James Cha said, “Nine of us got sick from COVID-19 but none other than me got really sick.”
Doctors believe it was a family fishing trip in July that exposed COVID-19 to 51-year-old James Cha. He spent six days in the hospital and went home with oxygen as he continued his struggle to breathe.
“I drop three bottles of cough syrup in the last three weeks,” Cha said.
Nevertheless, 44 days after diagnosis, between cough syrup, prescription and inhaler, he cannot move it.
He said, “It looks like something is down now and my chest is still making me feel like it’s a little low.”
Chow also noted problems with his memory. He is one of a growing number of people who have been feeling ill for months after a positive case of COVID-19.
One study stated that 75% of hospitalized patients experience long-term symptoms and persist for a long time. Minnesota’s Department of Health told WCCO that it is doing some specific follow-up and case control studies to find out what’s going on here.
“I think it really emphasizes why it’s important that we take COVID so seriously. It’s not just the symptoms that you initially have about how this virus affects your health long term. Is, ”said Chris Inresman, director of the Minnesota Departments of Health Infectious Disease Epidemiology, Prevention and Control Division.
Cha plans to see his doctor again in a few weeks if he is not better.
“I got really tired after a full day of work,” he said.
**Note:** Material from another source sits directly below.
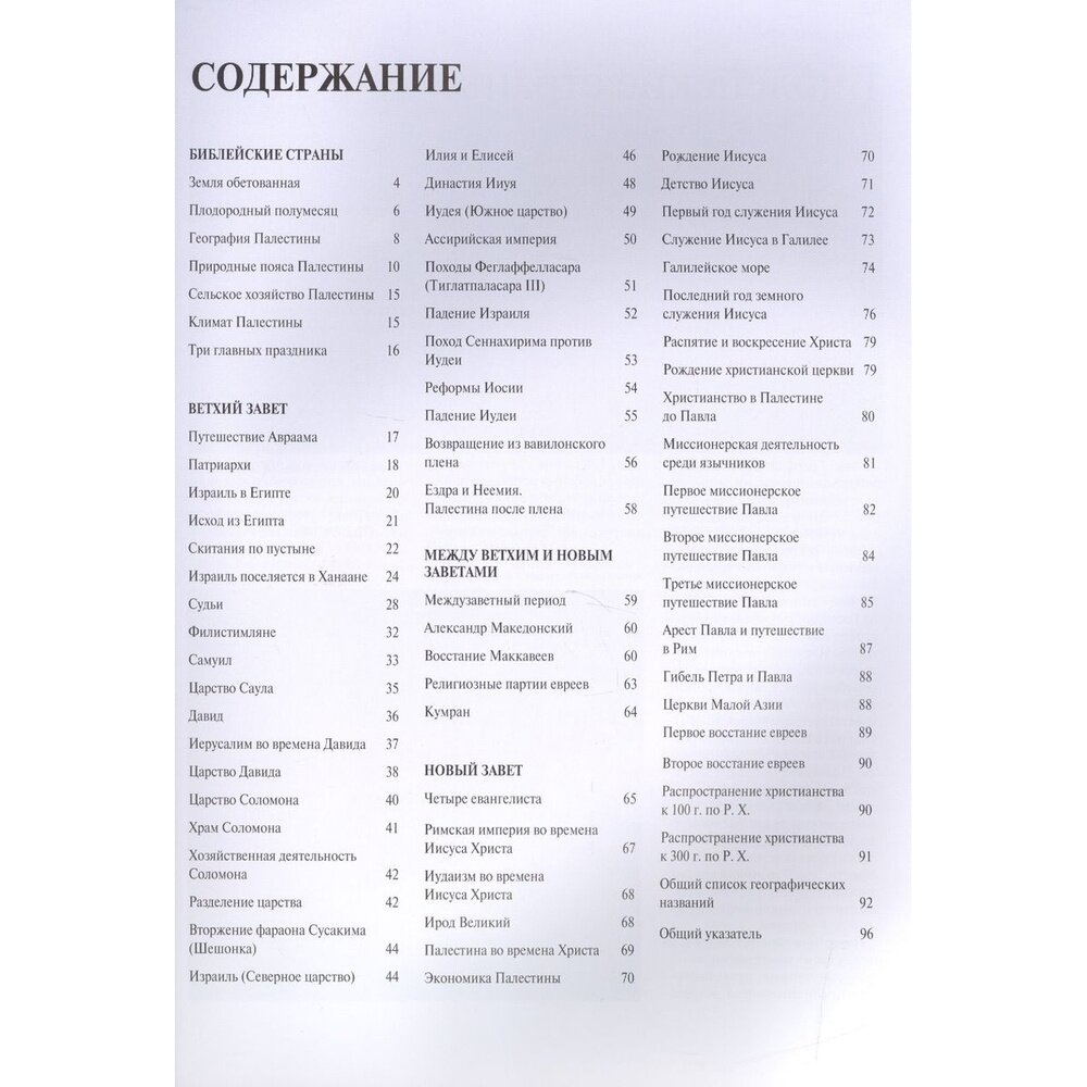 Очень хороший атлас. Можно проследить по карте весь путь израильтян, по которому их водил Господь, наглядно. И кратко изложен, можно сказать, Ветхий Завет, и основные события Нового Завета. У меня лично было довольно размытое представление о ветхозаветных событиях, а после прочтения этого атласа стало понятнее. В Новом Завете послания апостола Павла изложены не в хронологическом порядке,а здесь можно проследить хронологию его путешествий, и т.д. Очень интересно. Интересные иллюстрации :макет скинии,реконструкция храма Соломона и многое другое. Кроме того, отличного качества бумага, и красочное оформление, что тоже играет свою роль.
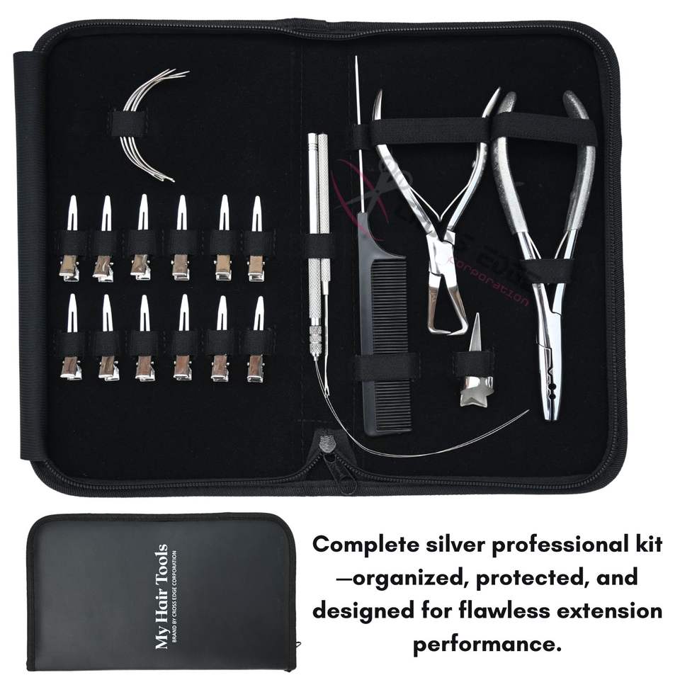 ชุดเครื่องมือต่อผมสีเงินเชิงพาณิชย์พร้อมสแตนเลส

As he is expected to soon be able to breathe easier.
“It’s real. COVID is real,” he said.
Researchers are also studying what role the blood group may play with COVID-19. In a study published in The New England Journal of Medicine, people with type “A” blood had a 50% higher risk of needing oxygen or ventilators if they had the virus.
Cha told us that his medical staff also mentioned that he is “A” positive.